Cyclo[2]carbazole[2]pyrrole: a preorganized calix[4]pyrrole analogue

Areum Lee  1 Ju Ho Yang  1 Ju Hyun Oh  1 Benjamin P Hay  2 Kyounghoon Lee  3 Vincent M Lynch  4 Jonathan L Sessler  4 Sung Kuk Kim  1
Affiliations

Cyclo[2]carbazole[2]pyrrole: a preorganized calix[4]pyrrole analogue

Areum Lee et al. Chem Sci. .

Abstract

A cyclo[2]carbazole[2]pyrrole (2) consisting of two carbazoles and two pyrroles has been synthesized by directly linking the carbazole 1- and 8-carbon atoms to the pyrrole α-carbon atoms.
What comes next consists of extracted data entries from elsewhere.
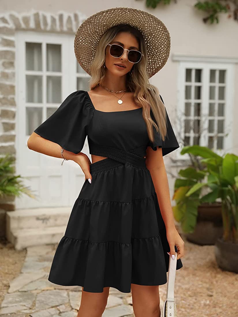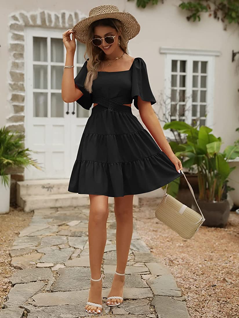 LILLUSORY Womens 2023 Summer Cutout Mini Dresses Short Sleeve Square Neck Crossover Waist Dress
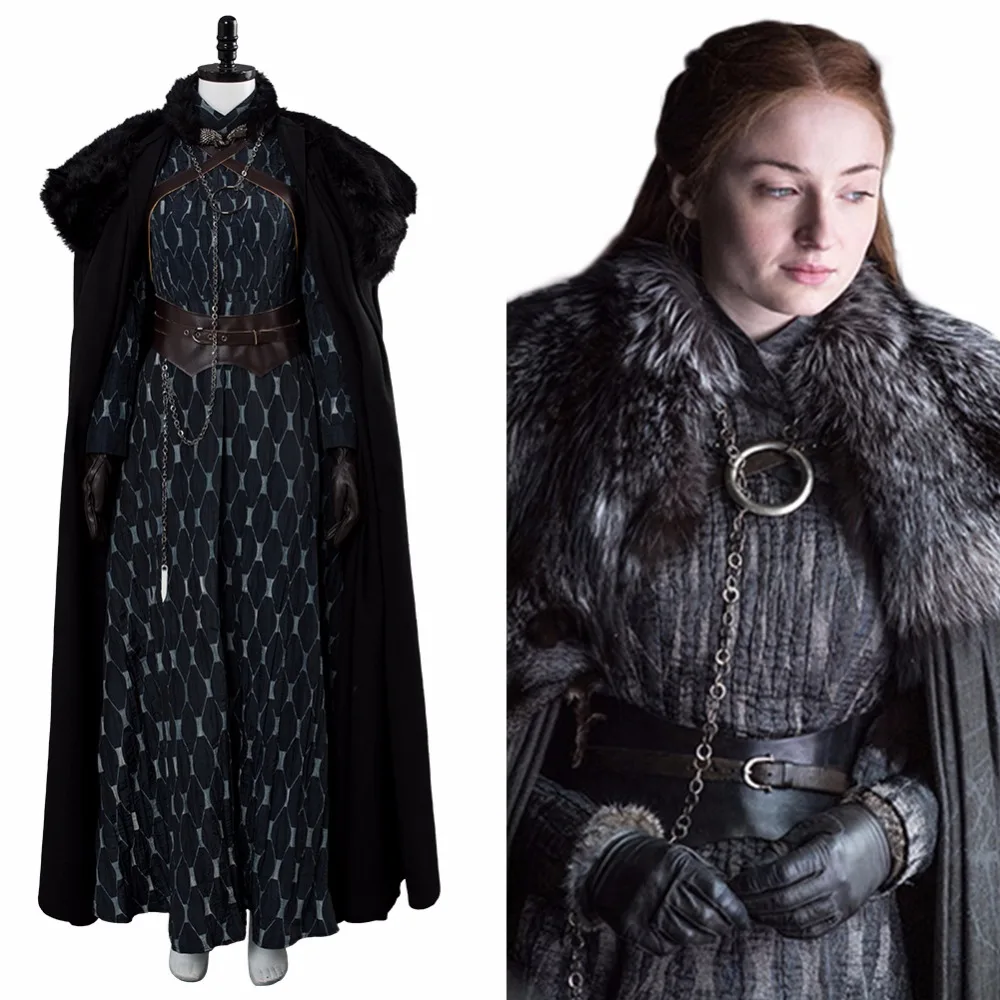 Game of Thrones Cosplay Sansa Stark Costume Season 8 Sansa Outfit Dress Suit Cape Adult Women Hallo
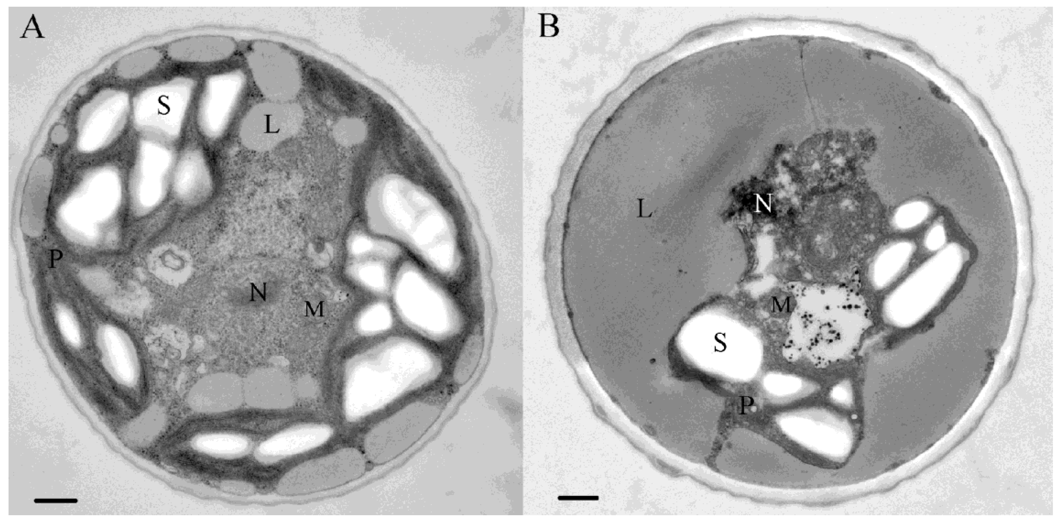 The ultrastructure of C. zofingiensis cells under favorable (A) and stress (B) conditions. Bars, 0.5 μm;·L, lipid body; N, nucleus; M, mitochondria; P, plastid; S, starch granule.
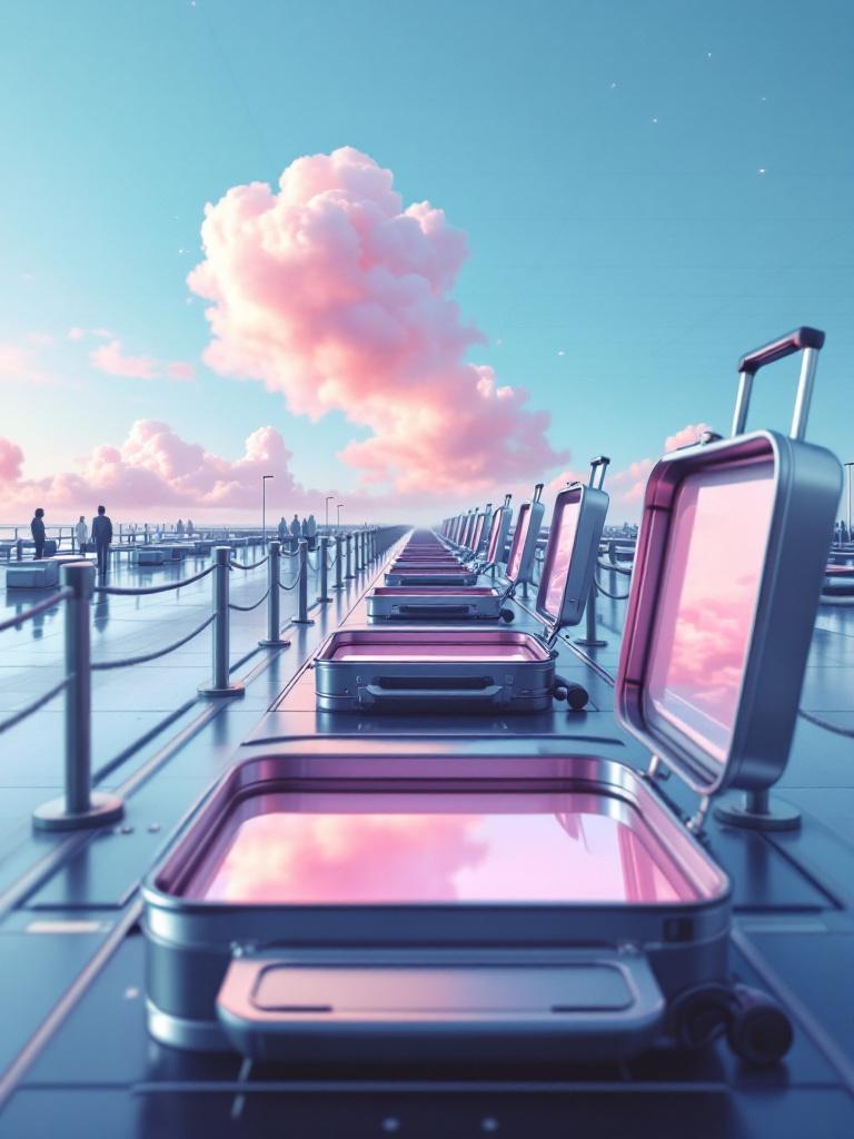 A modern airport security line imagined in the spirit of Rene Magritte, suitcases open to reveal pastel light pink skies instead of belongings, classic pink rose clouds hovering above metal trays, calm visual paradox

Macrocycle 2 is an extensively conjugated 16-membered macrocyclic ring that is fixed in a pseudo-1,3-alternate conformation. This provides a preorganized anion binding site consisting of two pyrrole subunits. 1H NMR spectroscopic analysis revealed that only the two diagonally opposed pyrrole NH protons, as opposed to the carbazole protons, take part in anion binding. Nevertheless, cyclo[2]carbazole[2]pyrrole 2 binds representative anions with higher affinity in CD2Cl2 than calix[4]pyrrole (1), a well-studied non-conjugated tetrapyrrole macrocycle that binds anions via four pyrrolic NH hydrogen bond interactions. On the basis of computational studies, the higher chloride anion affinity of receptor 2 relative to 1 is rationalized in terms of a larger binding energy and a lower host strain energy associated with anion complexation. In the presence of excess fluoride or bicarbonate anions, compound 2 loses two pyrrolic NH protons to produce a stable dianionic macrocycle [2-2H]2- displaying a quenched fluorescence.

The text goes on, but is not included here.